= Hugo & Luigi =

Luigi Creatore and Hugo Peretti, American songwriting and record producing team

Hugo & Luigi were an American record producing team, the duo of songwriters and producers Hugo Peretti and Luigi Creatore. They shared an office in New York's Brill Building, and besides their working relationship, were cousins.

==Background==
First coming to attention with singles released on Mercury Records in the mid-1950s, they went on to produce Perry Como, Sam Cooke and several other RCA Victor artists, including the hit records "Twistin' the Night Away", "Another Saturday Night", "The Lion Sleeps Tonight" by the Tokens, "Shout", a classic by The Isley Brothers, and "I Will Follow Him" by Little Peggy March. They co-wrote Elvis Presley's hit "Can't Help Falling in Love", with George David Weiss.
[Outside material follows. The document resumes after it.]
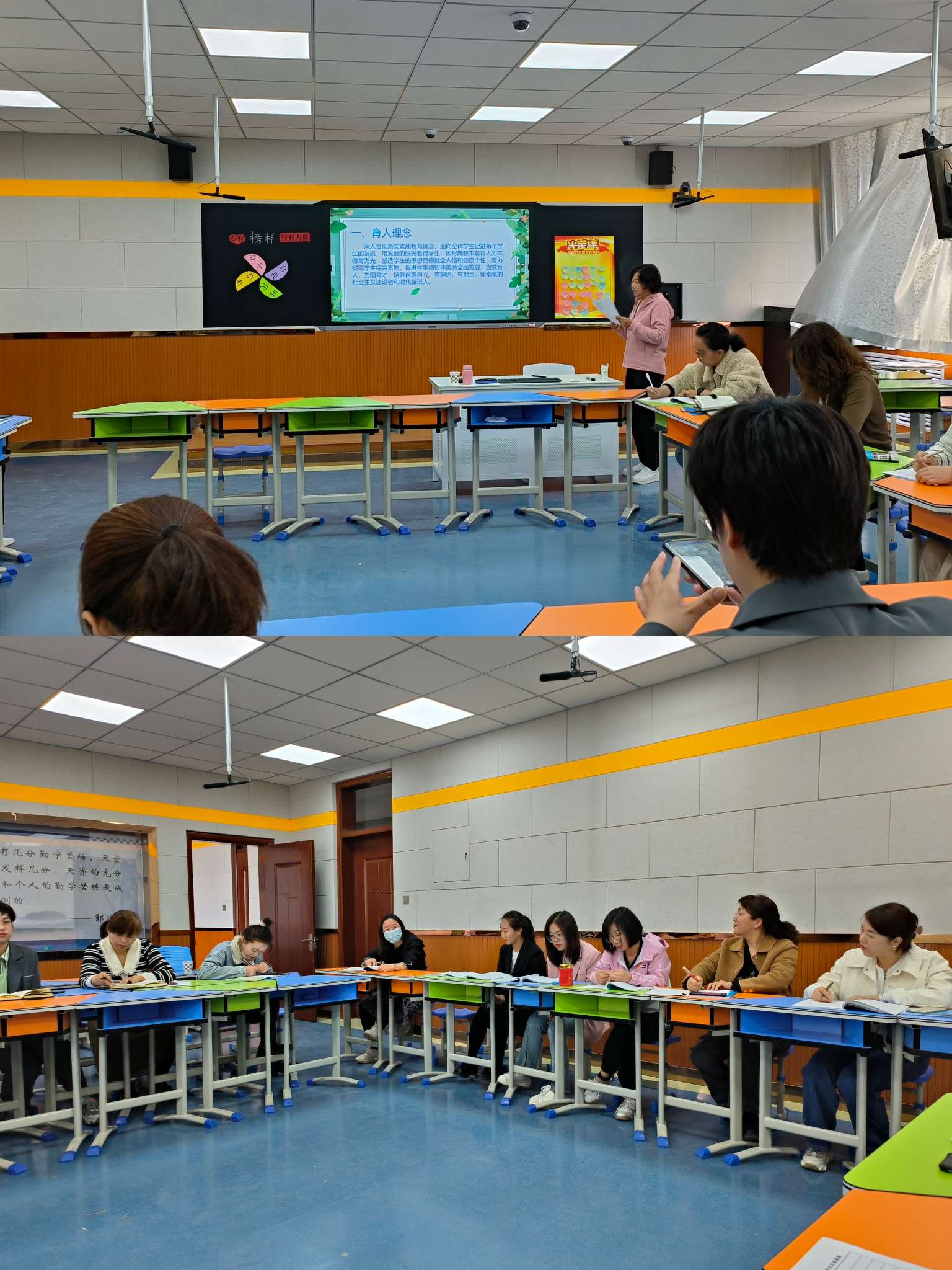 接着听课老师对本次活动的主讲老师进行了点评,老师们一致认为四位老师精心准备,紧扣“班主任工作”主题,从实际日常班级工作出发。根据不同年段,不同性格学生,实行不同的管理要求,将班主任工作的小事、碎事、细化、深化,真正落在实处。当然,老师们也提出了一些合理化的建议,就自己担任班主任工作中最困惑的事情展开了一场热烈的研讨,并且收获了满意的优秀管理方法。

They also produced albums by Della Reese including The Classic Della, a collection of pop songs based on classical themes and Waltz With Me, Della, a collection of popular songs in 3/4 time. Their track, "La Plume de Ma Tante" (written by Al Hoffman and Dick Manning), reached number 29 in the UK Singles Chart in July 1959.

Hugo & Luigi were also onetime co-owners of Roulette Records. Songs composed by the duo were often credited to "Mark Markwell", and records they produced carried their distinct logo. While at Roulette Hugo and Luigi did a series of Beautiful Music recordings of "Cascading Voices" and later "Cascading Strings".

==Career==
===1960s===
It was announced in the 30 January 1960 issue of The Cash Box that Mike Collier had taken on the role of personal assistance in the Artists and Repertoire Department. Prior to that he was working for Hugo & Luigi overseeing the promotion men working in the field.

===1970s===
After founding Avco Records and producing artists such as the Stylistics in the 1970s, Hugo & Luigi launched a new label, H&L Records, which they ran until they retired, at the end of the decade.

Peretti (born December 6, 1916) died on May 1, 1986. Creatore (born December 21, 1921) died on December 13, 2015.